Harga Emas Dunia Tergelincir di Tengah Reformasi Pajak

Angga Bratadharma    •    Selasa, 05 Dec 2017 09:03 WIB
harga emas
Harga Emas Dunia Tergelincir di Tengah Reformasi Pajak
Ilustrasi (FOTO: AFP)

Chicago: Kontrak emas berjangka di divisi Comex New York Mercantile Exchange jatuh pada Senin waktu setempat (Selasa WIB), karena dolar Amerika Serikat (USD) menguat pada saat pembahasan reformasi pajak Amerika Serikat.

Mengutip Xinhua, Selasa, 5 Desember 2017, kontrak emas paling aktif untuk pengiriman Februari turun USD4,60 atau 0,36 persen, ditutup pada USD1.277,70 per ounce. Senat AS selama akhir pekan melewati sebuah proposal reformasi pajak, yang membantu memperkuat USD dan mendorong reli di sebagian besar indeks saham AS.

Indeks dolar AS, sebuah ukuran greenback terhadap sekeranjang mata uang utama lainnya, naik 0,16 persen menjadi 93,25 pada 1823 GMT. Sementara itu, Dow Jones Industrial Average meningkat 203,76 poin atau 0,84 persen menjadi 24.435,35 poin pada 1834 GMT.

Sedangkan indeks Dow Jones Industrial Average menambahkan 58,46 poin atau 0,24 persen menjadi 24.290,05. Sedangkan S&P 500 kehilangan 3,18 poin atau 0,12 persen menjadi 2.639,04. Indeks Nasdaq Composite turun 72,22 poin atau 1,05 persen menjadi 6.775,37.

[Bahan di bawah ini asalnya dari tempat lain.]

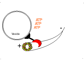 Proteína kinesina transportando una vesícula utilizando un microtúbulo |

Senat AS pada Sabtu secara sempit melewati undang-undang Republik untuk merombak kode pajak dalam beberapa dasawarsa, bergerak selangkah lebih dekat ke kemenangan legislatif besar pertama administrasi Trump dan anggota Partai Kongres.

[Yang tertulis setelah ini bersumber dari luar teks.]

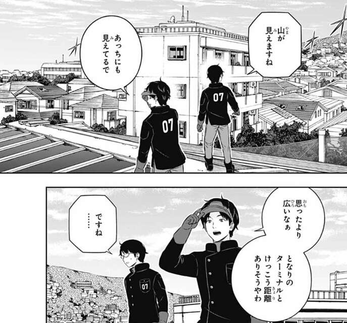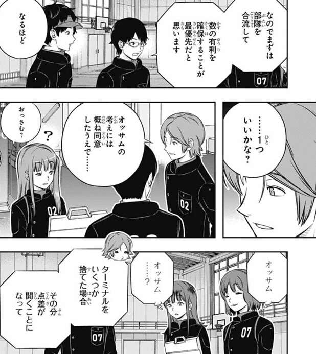 バラバラでいると各個撃破される可能性があると三雲はすぐに前線に集まる理由を話し、少なくとも2チームずつのグループで行動したほうがいい、と三雲は言います。木虎と空閑が賛成しますが、王子は少し黙ってします。すると南沢が、前に集まるのはいいけどさぁ、後ろのターミナルはどうすんの?がら空きになっちゃうじゃん、と後ろのターミナルをどうするのか三雲に聞きます。

Ketika USD menguat dan ekuitas menguat, harga emas biasanya turun, karena dolar yang lebih kuat membuat emas kurang menarik bagi investor asing dengan menggunakan mata uang lain sementara rally saham menarik investor ke pasar saham.

Sedangkan untuk logam mulia lainnya, perak untuk pengiriman Maret turun 1,5 sen atau 0,09 persen, menjadi ditutup pada USD16,373 per ounce. Platinum untuk Januari berikutnya kehilangan USD14,6 atau 1,55 persen, untuk menetap di USD926,00 per ounce.